Data entries:
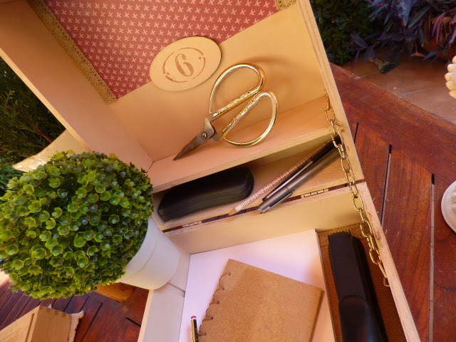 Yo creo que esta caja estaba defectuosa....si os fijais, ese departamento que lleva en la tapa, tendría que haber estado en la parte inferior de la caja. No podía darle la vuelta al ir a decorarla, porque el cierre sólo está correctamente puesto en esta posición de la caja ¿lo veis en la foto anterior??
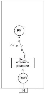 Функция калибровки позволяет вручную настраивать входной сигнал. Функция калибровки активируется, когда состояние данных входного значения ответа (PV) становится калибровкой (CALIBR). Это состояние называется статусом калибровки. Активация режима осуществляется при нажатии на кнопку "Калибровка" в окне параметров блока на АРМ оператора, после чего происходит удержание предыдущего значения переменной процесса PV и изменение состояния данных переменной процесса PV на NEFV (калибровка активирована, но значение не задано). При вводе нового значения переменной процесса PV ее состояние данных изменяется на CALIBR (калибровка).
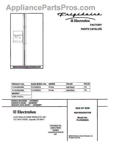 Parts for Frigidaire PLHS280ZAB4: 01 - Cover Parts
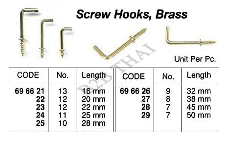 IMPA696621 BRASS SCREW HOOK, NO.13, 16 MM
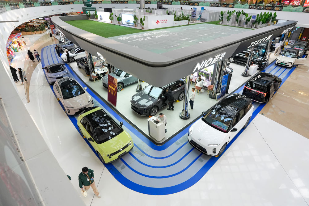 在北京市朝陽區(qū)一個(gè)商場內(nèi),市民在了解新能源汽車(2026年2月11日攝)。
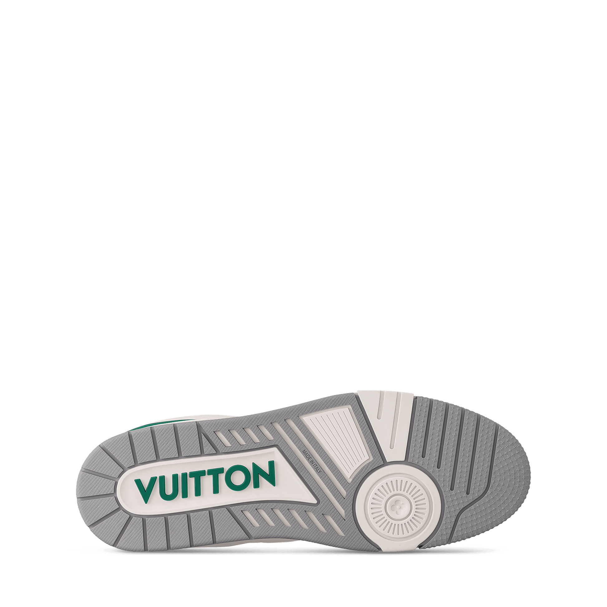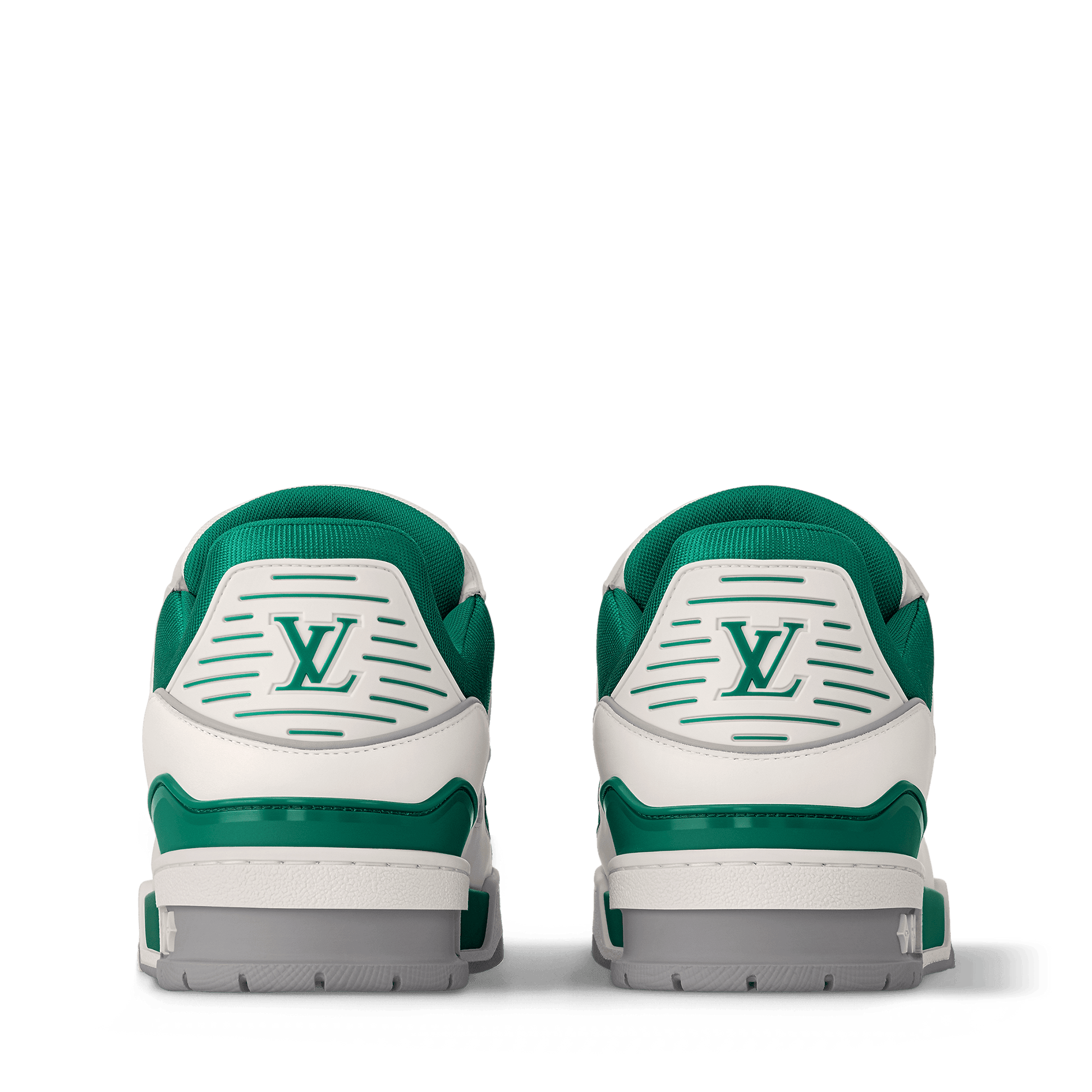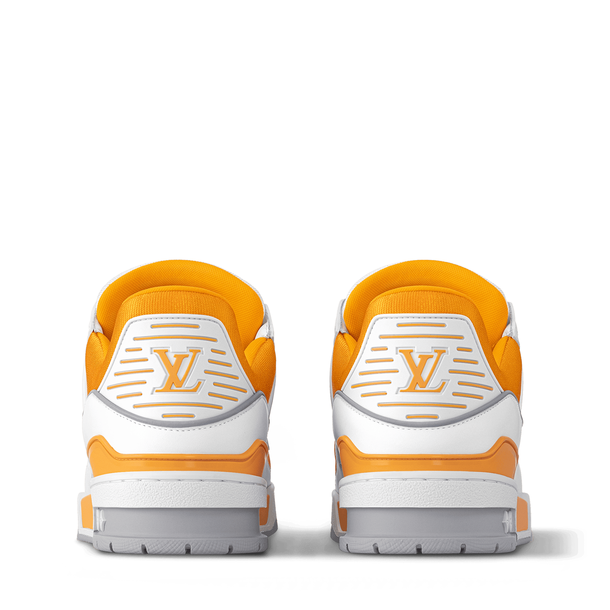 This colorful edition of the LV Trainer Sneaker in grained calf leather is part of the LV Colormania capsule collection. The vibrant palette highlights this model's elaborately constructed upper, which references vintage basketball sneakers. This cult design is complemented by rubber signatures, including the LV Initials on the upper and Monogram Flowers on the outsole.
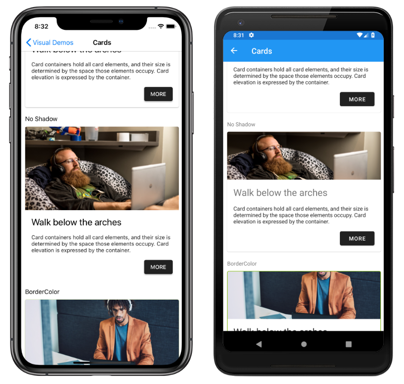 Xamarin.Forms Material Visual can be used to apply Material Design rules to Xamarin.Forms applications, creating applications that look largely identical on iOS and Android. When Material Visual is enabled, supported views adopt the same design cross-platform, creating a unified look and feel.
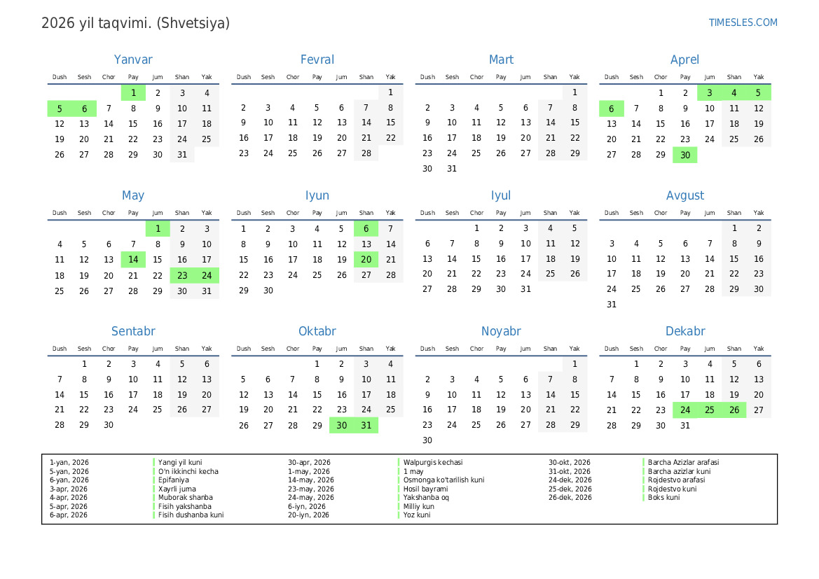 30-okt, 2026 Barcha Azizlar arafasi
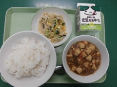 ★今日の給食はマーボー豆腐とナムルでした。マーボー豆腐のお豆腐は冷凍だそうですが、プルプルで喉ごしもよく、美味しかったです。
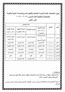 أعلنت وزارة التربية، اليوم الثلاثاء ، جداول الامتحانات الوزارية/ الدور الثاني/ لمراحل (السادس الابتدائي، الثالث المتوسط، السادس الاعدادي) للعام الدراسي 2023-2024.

What is needed =>
Reproduce every record word for word. The copy must contain no pictures.

Answer section =>
 Yo creo que esta caja estaba defectuosa....si os fijais, ese departamento que lleva en la tapa, tendría que haber estado en la parte inferior de la caja. No podía darle la vuelta al ir a decorarla, porque el cierre sólo está correctamente puesto en esta posición de la caja ¿lo veis en la foto anterior??
 Функция калибровки позволяет вручную настраивать входной сигнал. Функция калибровки активируется, когда состояние данных входного значения ответа (PV) становится калибровкой (CALIBR). Это состояние называется статусом калибровки. Активация режима осуществляется при нажатии на кнопку "Калибровка" в окне параметров блока на АРМ оператора, после чего происходит удержание предыдущего значения переменной процесса PV и изменение состояния данных переменной процесса PV на NEFV (калибровка активирована, но значение не задано). При вводе нового значения переменной процесса PV ее состояние данных изменяется на CALIBR (калибровка).
 Parts for Frigidaire PLHS280ZAB4: 01 - Cover Parts
 IMPA696621 BRASS SCREW HOOK, NO.13, 16 MM
 在北京市朝陽區(qū)一個(gè)商場內(nèi),市民在了解新能源汽車(2026年2月11日攝)。
 This colorful edition of the LV Trainer Sneaker in grained calf leather is part of the LV Colormania capsule collection. The vibrant palette highlights this model's elaborately constructed upper, which references vintage basketball sneakers. This cult design is complemented by rubber signatures, including the LV Initials on the upper and Monogram Flowers on the outsole.
 Xamarin.Forms Material Visual can be used to apply Material Design rules to Xamarin.Forms applications, creating applications that look largely identical on iOS and Android. When Material Visual is enabled, supported views adopt the same design cross-platform, creating a unified look and feel.
 30-okt, 2026 Barcha Azizlar arafasi
 ★今日の給食はマーボー豆腐とナムルでした。マーボー豆腐のお豆腐は冷凍だそうですが、プルプルで喉ごしもよく、美味しかったです。
 أعلنت وزارة التربية، اليوم الثلاثاء ، جداول الامتحانات الوزارية/ الدور الثاني/ لمراحل (السادس الابتدائي، الثالث المتوسط، السادس الاعدادي) للعام الدراسي 2023-2024.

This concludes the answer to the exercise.